[Source material]
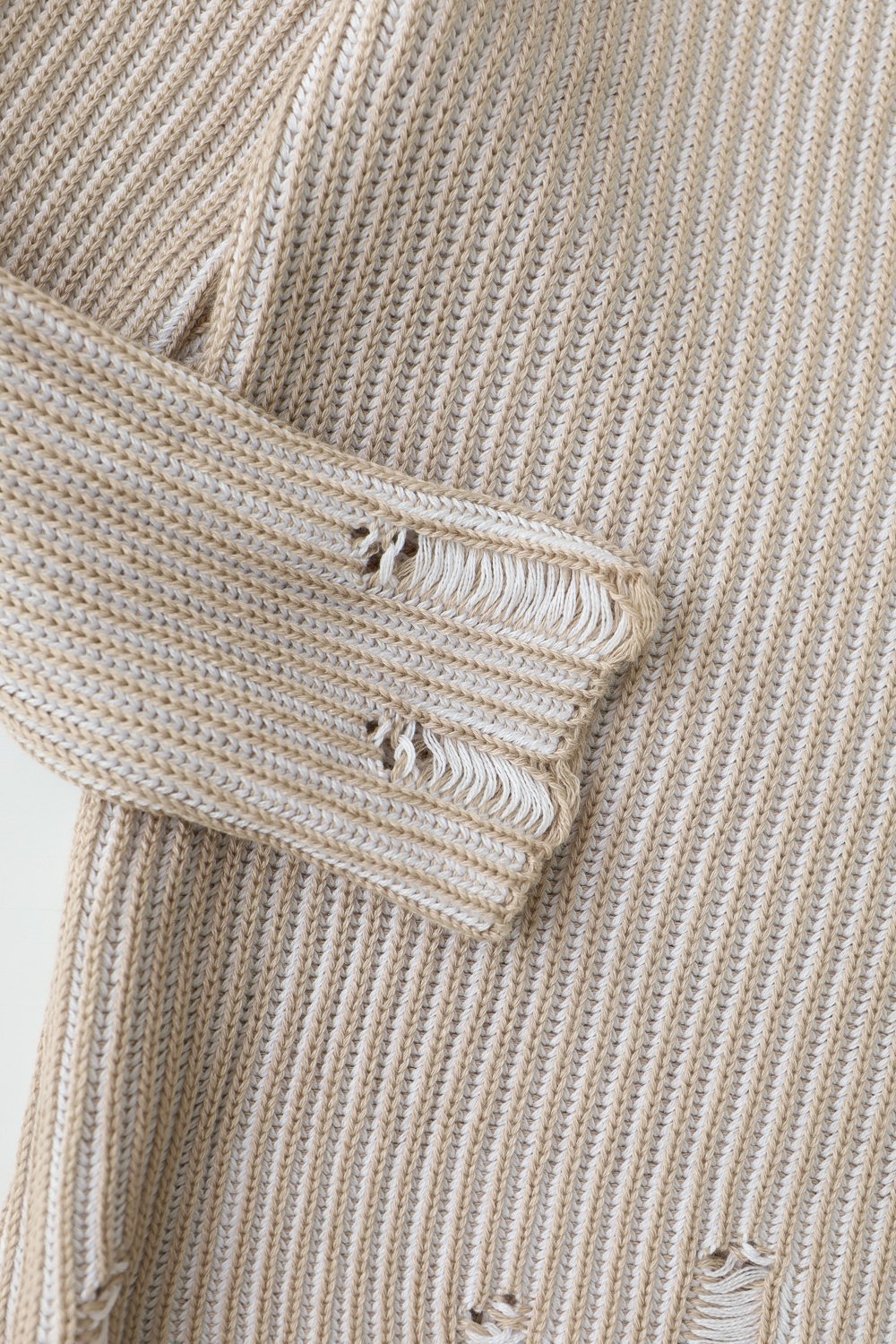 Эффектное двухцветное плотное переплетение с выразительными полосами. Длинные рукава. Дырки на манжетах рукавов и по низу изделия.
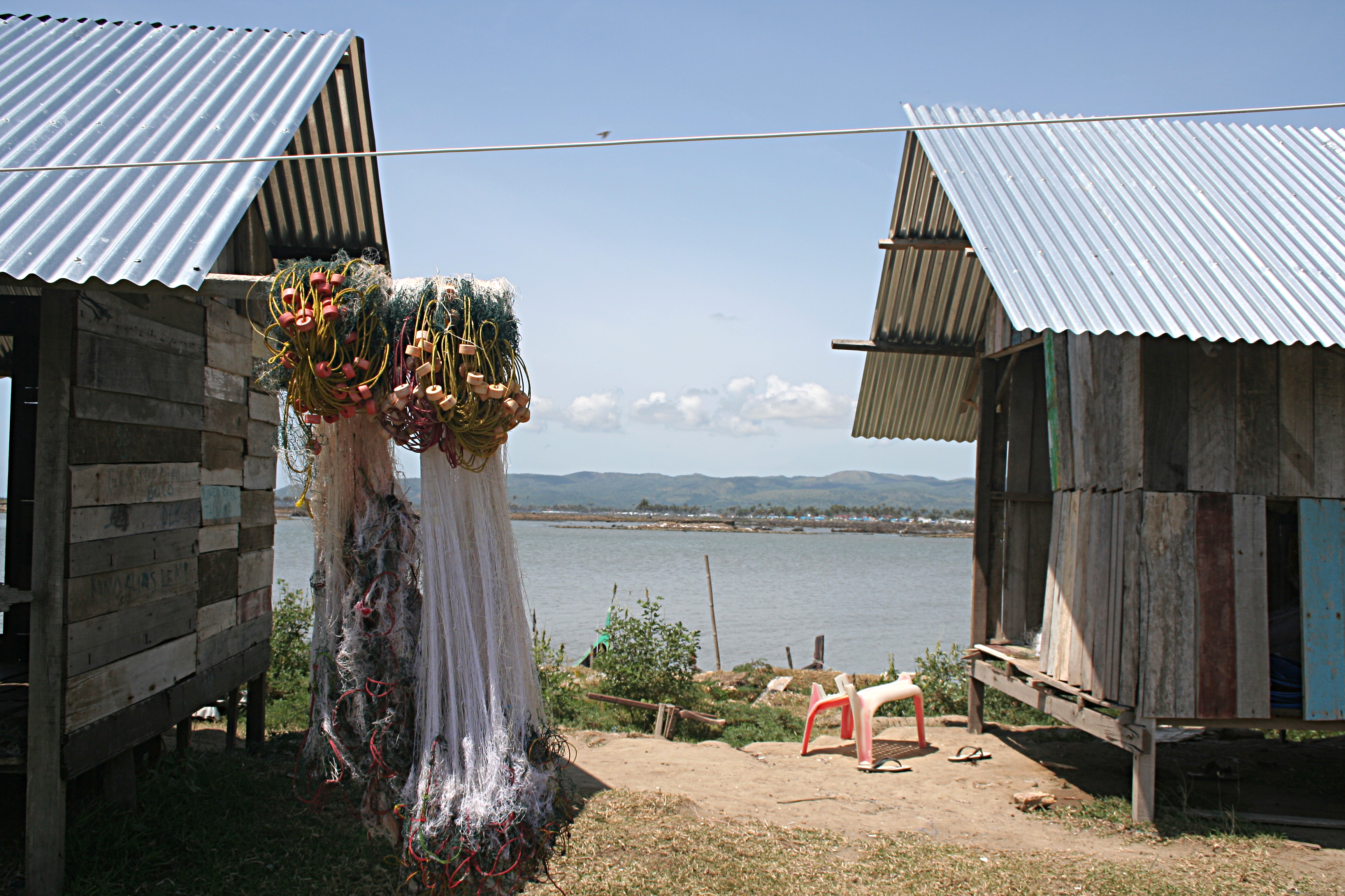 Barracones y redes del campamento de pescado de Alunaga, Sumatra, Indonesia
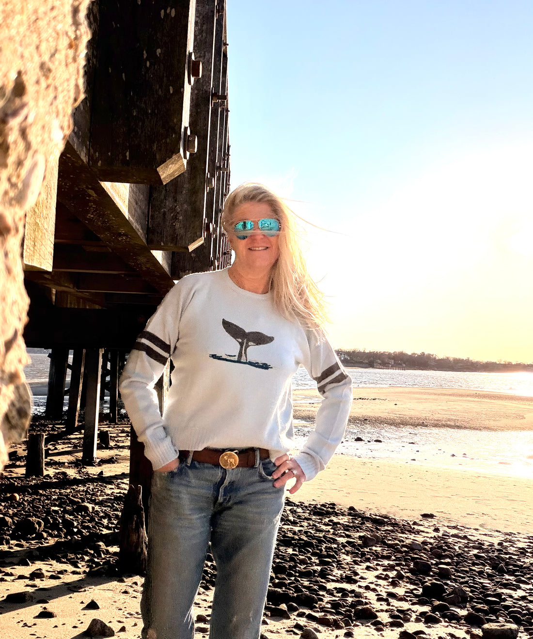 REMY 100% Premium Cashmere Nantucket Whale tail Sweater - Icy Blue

[Task to complete] Output all the material above exactly once more, leaving every picture out.

[Solution for this problem]
 Эффектное двухцветное плотное переплетение с выразительными полосами. Длинные рукава. Дырки на манжетах рукавов и по низу изделия.
 Barracones y redes del campamento de pescado de Alunaga, Sumatra, Indonesia
 REMY 100% Premium Cashmere Nantucket Whale tail Sweater - Icy Blue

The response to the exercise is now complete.